**Problem requirements**. Omit every picture, then give all the entries again exactly.

• • •

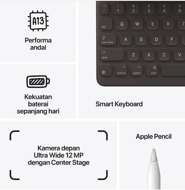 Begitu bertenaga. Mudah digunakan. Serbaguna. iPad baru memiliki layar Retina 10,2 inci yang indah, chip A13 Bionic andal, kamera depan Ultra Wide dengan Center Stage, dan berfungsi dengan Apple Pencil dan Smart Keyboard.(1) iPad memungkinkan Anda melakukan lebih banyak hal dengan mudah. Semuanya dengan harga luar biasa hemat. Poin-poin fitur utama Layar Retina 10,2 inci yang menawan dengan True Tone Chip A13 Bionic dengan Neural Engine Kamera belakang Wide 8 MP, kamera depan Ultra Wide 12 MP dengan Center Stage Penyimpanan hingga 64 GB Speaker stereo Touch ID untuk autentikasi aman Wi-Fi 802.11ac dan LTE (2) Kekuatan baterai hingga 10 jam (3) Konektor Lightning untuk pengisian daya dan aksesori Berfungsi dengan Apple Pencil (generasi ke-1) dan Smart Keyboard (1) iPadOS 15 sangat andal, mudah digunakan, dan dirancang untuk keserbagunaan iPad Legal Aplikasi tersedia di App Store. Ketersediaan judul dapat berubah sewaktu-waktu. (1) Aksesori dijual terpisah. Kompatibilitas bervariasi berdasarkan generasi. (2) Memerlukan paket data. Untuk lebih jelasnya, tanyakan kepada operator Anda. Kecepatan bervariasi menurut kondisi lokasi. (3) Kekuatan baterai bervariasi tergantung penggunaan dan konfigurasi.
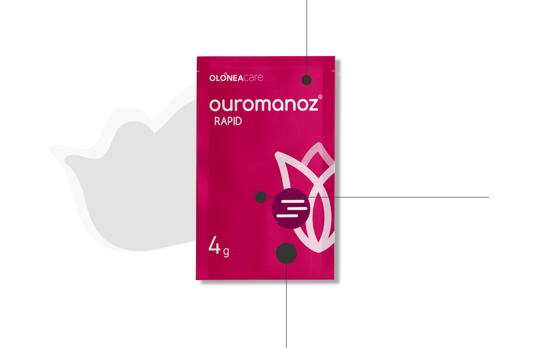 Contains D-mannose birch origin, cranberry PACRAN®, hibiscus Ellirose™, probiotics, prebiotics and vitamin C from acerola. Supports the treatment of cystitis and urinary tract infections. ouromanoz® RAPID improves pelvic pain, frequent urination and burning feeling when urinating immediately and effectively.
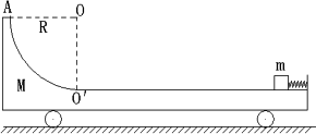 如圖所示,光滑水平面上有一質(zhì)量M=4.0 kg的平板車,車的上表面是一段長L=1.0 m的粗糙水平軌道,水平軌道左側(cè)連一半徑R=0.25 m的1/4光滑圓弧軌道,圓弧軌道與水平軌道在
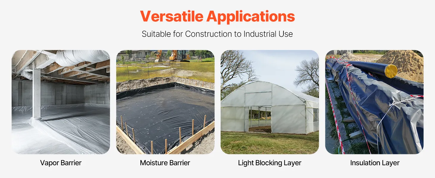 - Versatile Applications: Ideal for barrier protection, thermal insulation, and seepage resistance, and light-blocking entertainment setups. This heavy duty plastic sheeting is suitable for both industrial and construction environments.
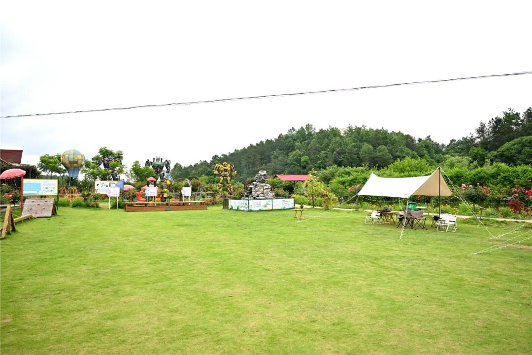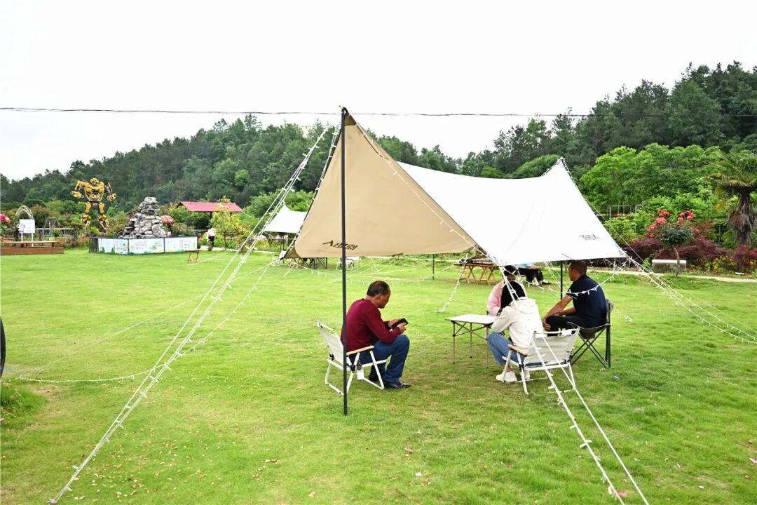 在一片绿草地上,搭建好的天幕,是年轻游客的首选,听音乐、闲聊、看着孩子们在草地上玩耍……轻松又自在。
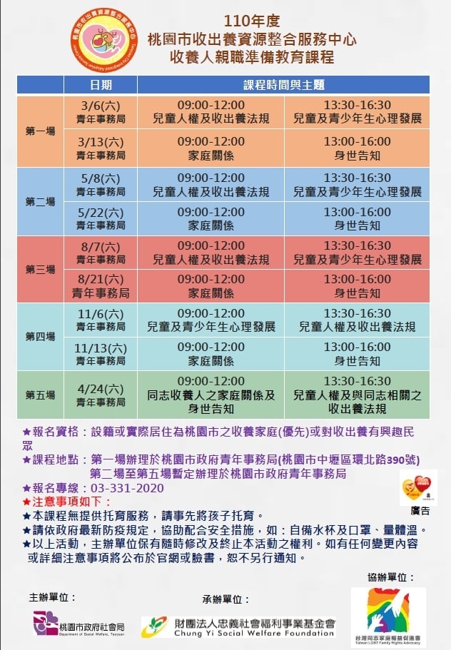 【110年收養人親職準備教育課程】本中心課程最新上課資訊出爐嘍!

• • •

**Finished task**.
 Begitu bertenaga. Mudah digunakan. Serbaguna. iPad baru memiliki layar Retina 10,2 inci yang indah, chip A13 Bionic andal, kamera depan Ultra Wide dengan Center Stage, dan berfungsi dengan Apple Pencil dan Smart Keyboard.(1) iPad memungkinkan Anda melakukan lebih banyak hal dengan mudah. Semuanya dengan harga luar biasa hemat. Poin-poin fitur utama Layar Retina 10,2 inci yang menawan dengan True Tone Chip A13 Bionic dengan Neural Engine Kamera belakang Wide 8 MP, kamera depan Ultra Wide 12 MP dengan Center Stage Penyimpanan hingga 64 GB Speaker stereo Touch ID untuk autentikasi aman Wi-Fi 802.11ac dan LTE (2) Kekuatan baterai hingga 10 jam (3) Konektor Lightning untuk pengisian daya dan aksesori Berfungsi dengan Apple Pencil (generasi ke-1) dan Smart Keyboard (1) iPadOS 15 sangat andal, mudah digunakan, dan dirancang untuk keserbagunaan iPad Legal Aplikasi tersedia di App Store. Ketersediaan judul dapat berubah sewaktu-waktu. (1) Aksesori dijual terpisah. Kompatibilitas bervariasi berdasarkan generasi. (2) Memerlukan paket data. Untuk lebih jelasnya, tanyakan kepada operator Anda. Kecepatan bervariasi menurut kondisi lokasi. (3) Kekuatan baterai bervariasi tergantung penggunaan dan konfigurasi.
 Contains D-mannose birch origin, cranberry PACRAN®, hibiscus Ellirose™, probiotics, prebiotics and vitamin C from acerola. Supports the treatment of cystitis and urinary tract infections. ouromanoz® RAPID improves pelvic pain, frequent urination and burning feeling when urinating immediately and effectively.
 如圖所示,光滑水平面上有一質(zhì)量M=4.0 kg的平板車,車的上表面是一段長L=1.0 m的粗糙水平軌道,水平軌道左側(cè)連一半徑R=0.25 m的1/4光滑圓弧軌道,圓弧軌道與水平軌道在
 - Versatile Applications: Ideal for barrier protection, thermal insulation, and seepage resistance, and light-blocking entertainment setups. This heavy duty plastic sheeting is suitable for both industrial and construction environments.
 在一片绿草地上,搭建好的天幕,是年轻游客的首选,听音乐、闲聊、看着孩子们在草地上玩耍……轻松又自在。
 【110年收養人親職準備教育課程】本中心課程最新上課資訊出爐嘍!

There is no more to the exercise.